Please repeat the whole listing exactly, but leave the pictures out.

> **Dataset excerpt**:
....

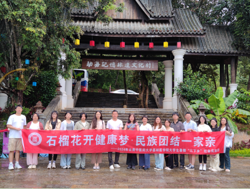 7月15日至19日,基础医学院“石榴花开健康梦•民族团结一家亲”大学生暑期“三下乡”社会实践团赴西双版纳傣族自治州勐海县开展社会实践活动。实践团由基础医学院党委书记孙雪萍带队,团委书记李姝洁、辅导员杞鹏翔、教师王雪梅和罗光云以及13名同学组成。
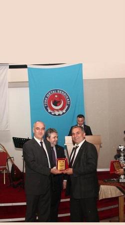 ERDEMİR’in 47. İşletme Yıldönümü Etkinlikleri kapsamında düzenlenen “Üniteler Arası Futbol Dostluk Turnuvası” Şampiyonu Sıcak Haddehaneler Baş Müdürlüğü takımı için düzenlenen Şampiyonluk Gecesi muhteşemdi. 23 Mayıs 2012 Çarşamba günü Büyük Anadolu Otel’de gerçekleştirilen şampiyonluk gecesine, Şube Başkanımız Yusuf Ziya Odabaş, Şube Sekreterimiz Metin Ercan, Şube Mali Sekreterimiz Sedad Taşdelen, İnsan Kaynakları ve İdari İşler Genel Müdür Yardımcımız Kaan Böke, Sendikamızın Yönetim Kurulu, Baş Temsilci ve İşyeri Temsilcilerimizin yanı sıra Erdemir’den bazı ünite yöneticileri, Formenler ve Teknisyenler Derneği Başkanı Ertuğrul İsa Bayramoğlu, şampiyon takımın oyuncu ve takım sorumluları ile Sıcak Haddehaneler Baş Müdürlüğü çalışan ve idarecileri ile katıldı. Geceyi yaptığı bir konuşmayla açan Şube Başkanımız Yusuf Ziya Odabaş, turnuvaya katılan tüm takımlara centilmence mücadelelerinden dolayı teşekkür etti ve turnuva sonucunda şampiyon olan Sıcak Haddehaneler takımının oyuncu ve idarecilerini de başarılarından dolayı kutladı.
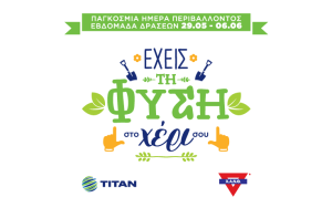 Για μία ακόμα χρονιά, η Χ.Α.Ν.Θ. και το ΤΙΤΑΝ – Εργοστάσιο Ευκαρπίας γιορτάζουν την Παγκόσμια Ημέρα Περιβάλλοντος διοργανώνοντας μια σειρά από συμβολικές δράσεις ενημέρωσης και ευαισθητοποίησης για την προστασία της φύσης και του περιβάλλοντος με τίτλο «Έχεις τη φύση στο χέρι σου» που θα πραγματοποιηθούν κατά το διάστημα 29/5 έως 6/6.

....

> **Result of the task**:
 7月15日至19日,基础医学院“石榴花开健康梦•民族团结一家亲”大学生暑期“三下乡”社会实践团赴西双版纳傣族自治州勐海县开展社会实践活动。实践团由基础医学院党委书记孙雪萍带队,团委书记李姝洁、辅导员杞鹏翔、教师王雪梅和罗光云以及13名同学组成。
 ERDEMİR’in 47. İşletme Yıldönümü Etkinlikleri kapsamında düzenlenen “Üniteler Arası Futbol Dostluk Turnuvası” Şampiyonu Sıcak Haddehaneler Baş Müdürlüğü takımı için düzenlenen Şampiyonluk Gecesi muhteşemdi. 23 Mayıs 2012 Çarşamba günü Büyük Anadolu Otel’de gerçekleştirilen şampiyonluk gecesine, Şube Başkanımız Yusuf Ziya Odabaş, Şube Sekreterimiz Metin Ercan, Şube Mali Sekreterimiz Sedad Taşdelen, İnsan Kaynakları ve İdari İşler Genel Müdür Yardımcımız Kaan Böke, Sendikamızın Yönetim Kurulu, Baş Temsilci ve İşyeri Temsilcilerimizin yanı sıra Erdemir’den bazı ünite yöneticileri, Formenler ve Teknisyenler Derneği Başkanı Ertuğrul İsa Bayramoğlu, şampiyon takımın oyuncu ve takım sorumluları ile Sıcak Haddehaneler Baş Müdürlüğü çalışan ve idarecileri ile katıldı. Geceyi yaptığı bir konuşmayla açan Şube Başkanımız Yusuf Ziya Odabaş, turnuvaya katılan tüm takımlara centilmence mücadelelerinden dolayı teşekkür etti ve turnuva sonucunda şampiyon olan Sıcak Haddehaneler takımının oyuncu ve idarecilerini de başarılarından dolayı kutladı.
 Για μία ακόμα χρονιά, η Χ.Α.Ν.Θ. και το ΤΙΤΑΝ – Εργοστάσιο Ευκαρπίας γιορτάζουν την Παγκόσμια Ημέρα Περιβάλλοντος διοργανώνοντας μια σειρά από συμβολικές δράσεις ενημέρωσης και ευαισθητοποίησης για την προστασία της φύσης και του περιβάλλοντος με τίτλο «Έχεις τη φύση στο χέρι σου» που θα πραγματοποιηθούν κατά το διάστημα 29/5 έως 6/6.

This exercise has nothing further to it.